Edited at 2012-03-31 07:23 am (UTC)
lil_insanity 31st-Mar-2012 06:35 pm (UTC)
Well said.
apostle_of_eris 31st-Mar-2012 10:26 pm (UTC)
I smell bullshit.
Anyone over 55 who doesn't have a job probably will never have another.
You think the geezers don't know it? Being blind is not the monopoly of any particular generation.

Did you notice that these figures are exclusively by age, and not broken down to make "the 1%" visible? Five of the ten largest personal fortunes in the U.S. are Wal-Mart heirs. The Koch brothers don't discriminate on the basis of age. They want everyone screwed.

Averages?
If Bill Gates visits a soup kitchen, the average net worth of every person there is a billion dollars. But it's still Bill Gates and 50 bums.
The average American has 0.98 testicles.

I expect that readers of this group mostly know who has been rigging things for the last few decades to put us here. One of the interesting things about the current depression is that each age cohort is screwed in its own particular way. I emphatically agree that the college and recently college age "generation" is well and truly fucked, but the people who spent decades paying into social Security who are not going to collect anything aren't in such good circumstances either.

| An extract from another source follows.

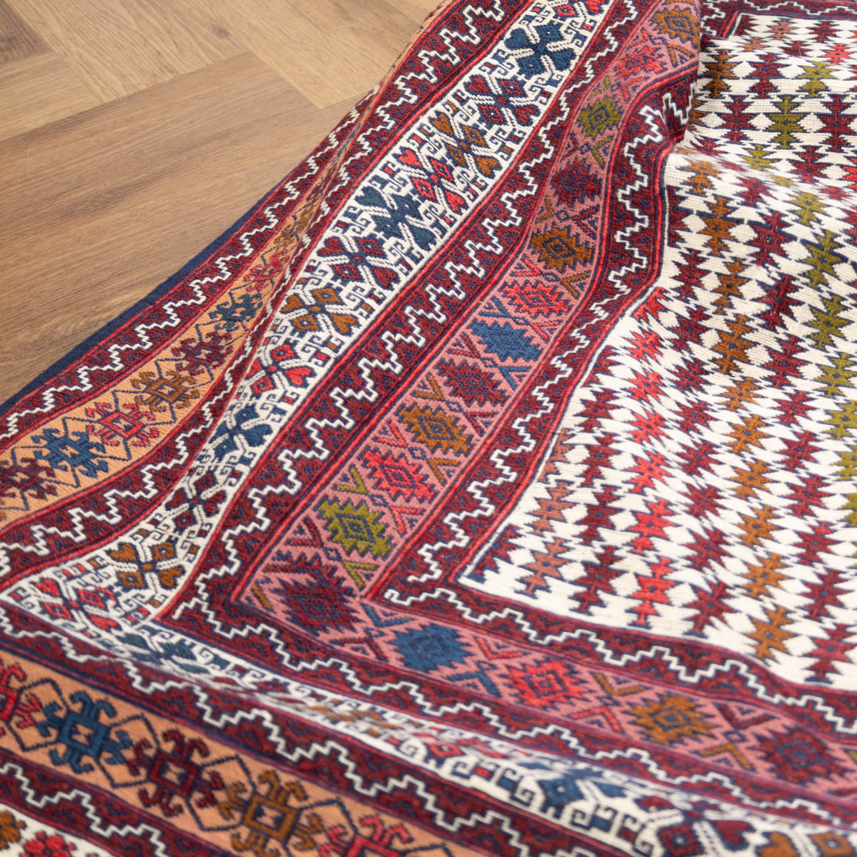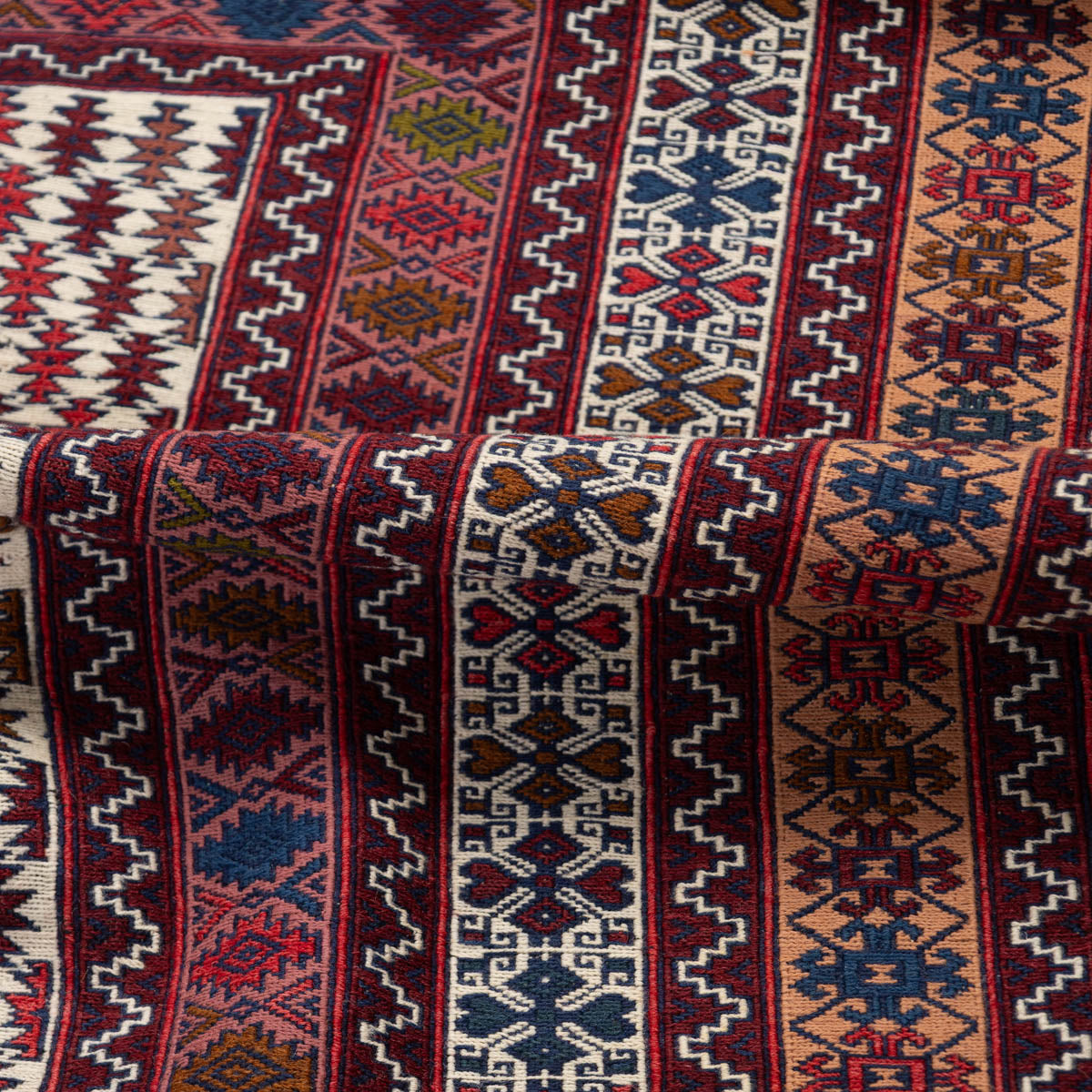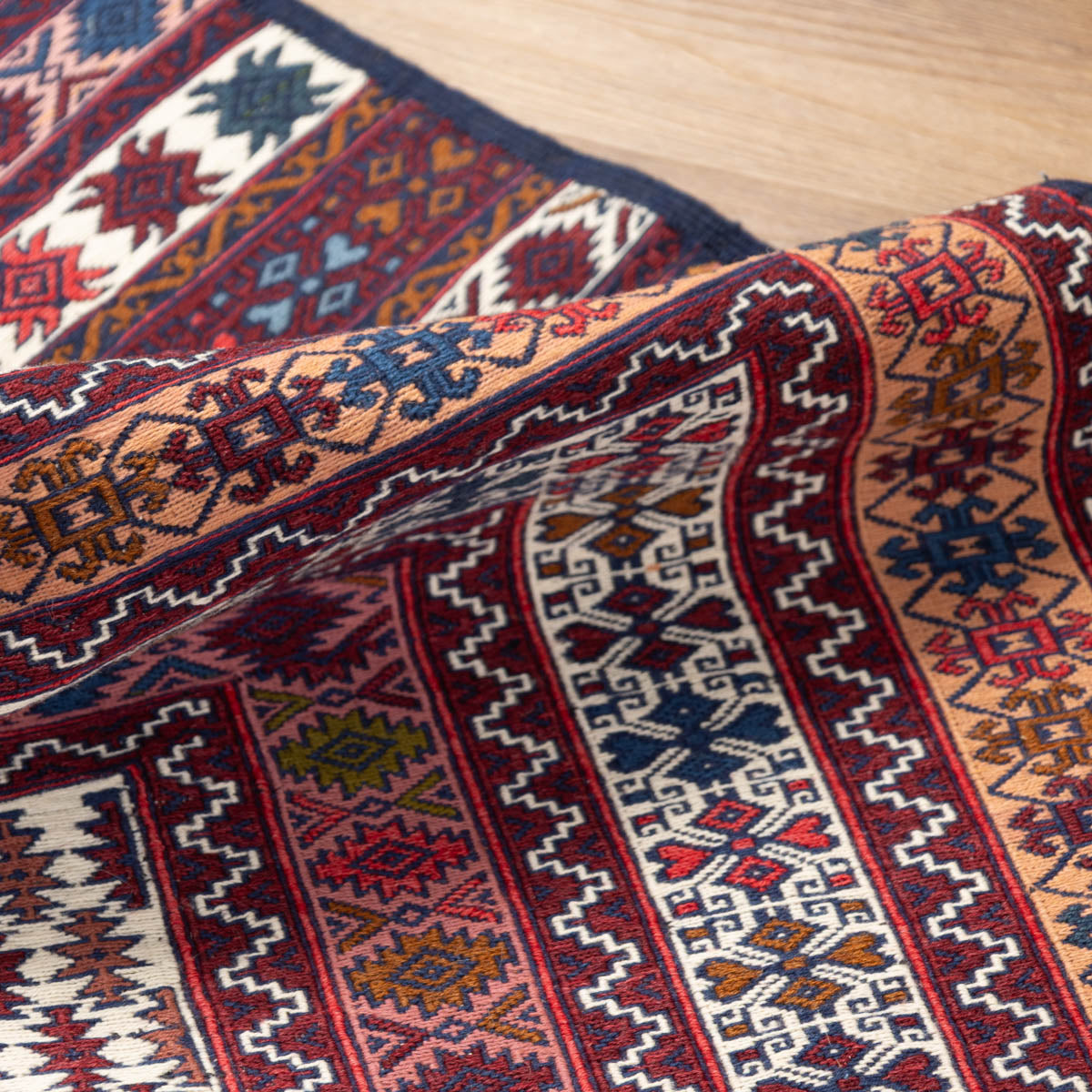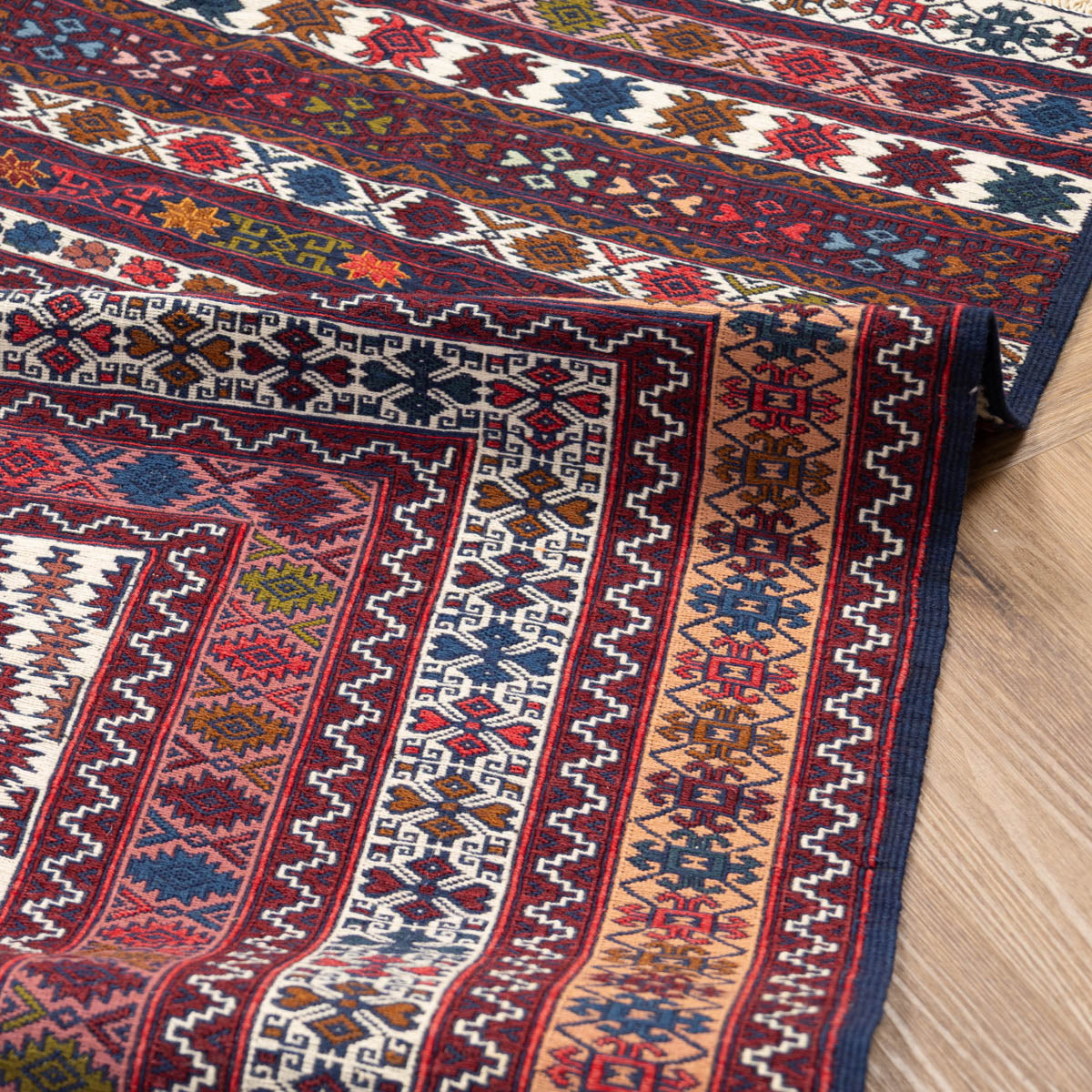 שטיח סומק פרסי בעבודת יד עם דוגמה שבטית מסורתית ועשירה בפרטים. הצבעוניות המגוונת והדוגמה הגיאומטרית יוצרים שטיח מלא עומק ואופי.

Let's you and him fight is one of the oldest tricks in the book. It's not working quite as well with race recently, though there are places the Mexicans are useful, but distractions from class solidarity are always in demand.
dncingmalkavian 1st-Apr-2012 04:22 am (UTC)
I've been saying a lot of things along these lines for several years now, and my mother and her crew are insisting that none of this is their fault and my generation ought to "pull yourselves up by your bootstraps, stop whining, and get a job."

Okay, so according to you, spending five years in college, self-educating tech and arts skills, and doing everything possible to turn a dollar is whining? Because most of us are doing something along the same lines, along with bitching at you to actually DO something about the problem instead of telling us to suck it up and deal with putting in a shitload of work for no end results.